The Oscars are (usually) best predicted by the awards season ceremonies that precede them, which this year kicked off on 4 January with the Critics Choice Awards, followed by a series of successes and snubs at the Golden Globes, BAFTAs and Actors Awards. Each ceremony is a clear indication of who will take the Oscars – but not this year.
Thanks to what critics will tell you is one of the strongest nominee rosters in recent history, three of the four awards saw different actors, actresses and films win the top accolades. So, with new frontrunners emerging practically every week, there’s a lot more guesswork involved when it comes to this year’s Oscar predictions.

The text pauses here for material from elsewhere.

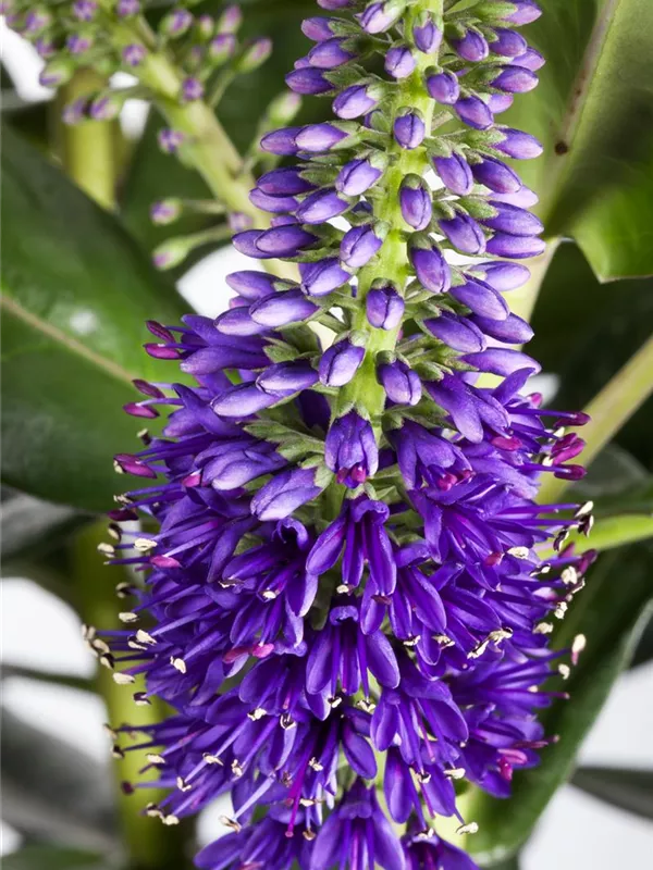 Eine Strauchveronika ist ein sehr dekoratives Element auf einer Terrasse. Zwischen den länglichen Blättern klettern im Hochsommer große, lippenartige Blüten hervor, die mit ihrer violetten Farbe wunderschöne kräftige farbige Streifen in dem immergrünen Laubgehölz erzeugen. Das buschige Wachstum und die Höhe von 40 bis 60 Zentimetern macht diese Veronika zu einem erstklassigen Kandidaten für einen Kübelbewohner.

The Oscar nominations were revealed at the end of January, with Sinners storming ahead with a record-breaking 16 nominations, surpassing All About Eve (1950), Titanic (1997) and La La Land (2016) for most total nominations. Final voting took place between 26 February and 5 March and included 10,000 members of the Academy. But with shock wins at the Actors Awards (formerly SAG Awards) last weekend – we’re looking at you Michael B Jordan and Amy Madigan – the Oscars are anything but confirmed. Here’s who we think will win and why.
Best Picture: One Battle After Another
Nominees: Bugonia; F1; Frankenstein; Hamnet; Marty Supreme; One Battle After Another; The Secret Agent; Sinners; Sentimental Value; Train Dreams
Could win: Sinners
One Battle After Another has swept up at the 2026 awards season, with 13 gongs so far, indicating undeniable Oscars success. In fact, no other film has even come close; out of the entire list of nominees, only Sinners won Best Ensemble at the Actors Awards and Hamnet scooped the drama award at the Golden Globes. Not quite the string of wins One Battle After Another has gained, with judges and audiences clearly gripped by Paul Thomas Anderson’s satirical action-thriller, based on Thomas Pynchon’s Vineland.
The only potential rival which could rear its head is Sinners. A serious BBC blunder at the BAFTAs left Sinners co-stars Michael B Jordan and Delroy Lindo victims of a racial slur while on stage – which, despite a two-hour editing lag, was not cut and instead aired to the world – and may have induced a flurry of votes in support of the Black community. Add to that the film’s recent win at the Actor Awards, which took place in the middle of the Academy’s voting week, and it could be neck and neck with One Battle After Another. It’s not a given, but a possibility, and Sinners has proven it’s certainly worthy of an award.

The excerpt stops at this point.